また、保育園や学童保育が休みになると、小さい子供のいる職員の出勤がままならず、人員不足が発生する。普段から連休中はショートステイの利用者が増えるが、人員不足のために受け入れ制限をしなければならない事業所もあるはずだ。

考えられる対応策は…

対応策の1つとしては、入所している利用者の家族に協力してもらうことが考えられる。状態の落ち着いている介助量の少ない入所利用者には、1~2泊自宅で過ごしてもらうのは如何か。

外泊では福祉用具などのレンタルができないという問題もあるが、1/4の利用者が外泊すれば100床の施設なら25名・1日当たり2~3名の利用者が外泊することになる。その間小さい子供のいる職員が休暇を取れれば人材不足も少しは軽減され、質の良いサービスを提供できる。

2つめは主治医と急変時の対応策を確認しておくことだ。
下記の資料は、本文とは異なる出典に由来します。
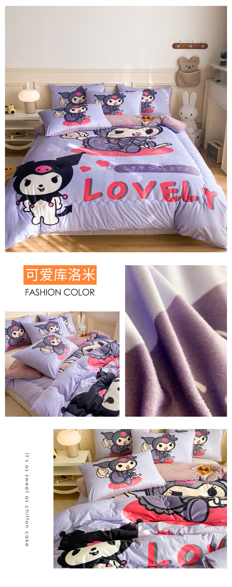 (总)一电 2025新款冬季双面牛奶珊瑚绒床上四件套法兰绒床品加绒被套床单三件套-第三批,公主库洛米,天使库洛米,甜筒库洛米,小兔子,圆点库洛米
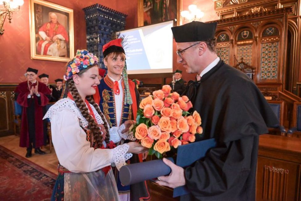 Die Goldmedaille "Plus ratio quam vis" ist die höchste Auszeichnung, die die Jagiellonen-Universität, die älteste polnische Universität, zu vergeben hat.

かかりつけの病院が休診でも、主治医が不在でも診療してもらえる体制を予め確認しておけば安心である。

また、連休前に定期受診の予定があるのならば、薬が切れないように多めに処方してもらうことを忘れてはならない。

根本的な介護人材不足が表面化する形に?

ところで今回の厚労省から発信された「10連休に対する医療機関等との連携協力体制の確保」の周知の連絡であるが、危機的意識が低いのは行政側のようである。
日本医師会では事前に「考えられる課題」を抽出し、行政に注意喚起や連携の要請を行っている。(*2)
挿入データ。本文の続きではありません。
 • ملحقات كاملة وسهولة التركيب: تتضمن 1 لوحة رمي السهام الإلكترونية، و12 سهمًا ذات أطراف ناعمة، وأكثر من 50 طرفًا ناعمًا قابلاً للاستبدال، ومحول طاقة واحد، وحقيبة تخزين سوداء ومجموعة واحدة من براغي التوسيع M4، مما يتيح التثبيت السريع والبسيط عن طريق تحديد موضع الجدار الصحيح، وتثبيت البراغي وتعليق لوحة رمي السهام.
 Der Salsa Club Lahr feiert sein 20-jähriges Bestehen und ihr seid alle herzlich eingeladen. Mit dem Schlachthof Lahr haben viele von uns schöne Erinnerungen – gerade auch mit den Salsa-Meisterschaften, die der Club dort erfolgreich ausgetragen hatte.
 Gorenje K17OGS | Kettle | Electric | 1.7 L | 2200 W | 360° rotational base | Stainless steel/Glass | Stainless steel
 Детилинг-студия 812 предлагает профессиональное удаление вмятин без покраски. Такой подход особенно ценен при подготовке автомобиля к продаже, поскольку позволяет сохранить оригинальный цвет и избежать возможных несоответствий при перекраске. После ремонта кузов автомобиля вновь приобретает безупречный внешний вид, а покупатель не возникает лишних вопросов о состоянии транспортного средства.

(*2)10連休が国民生活に支障を来さないよう努める | 日医on-line
http://www.med.or.jp/nichiionline/article/008365.html

また、日本医師会地域医療課が都道府県医師会を対象に行った「2019年10連休対策に関するアンケート」結果では、連休中の外来について従前通りの予算を確保し「休⽇夜間急患センター」・「在宅当番医制」等で対応する医療機関が殆どだ。(*3・*4)

(*3)⽇本医師会地域医療課2019年10連休対策に関するアンケート
http://dl.med.or.jp/dl-med/teireikaiken/20190109_21.pdf

(*4)2019年10連休に関するアンケート結果
http://dl.med.or.jp/dl-med/teireikaiken/20190109_22.pdf

そうなると介護保険サービス等提供体制で、「10連休において利用者の処遇に支障を来さないよう」に必要なことは人材の確保であり、行政が運営している保育園や学童保育施設と利用者家族との連携だ。

思うように連休が取れないことも介護職の離職率が高い要因でもある。給料面での処遇が改善された後は、休暇の取りやすい職場環境を行政・地域を含めて考えていくべきである。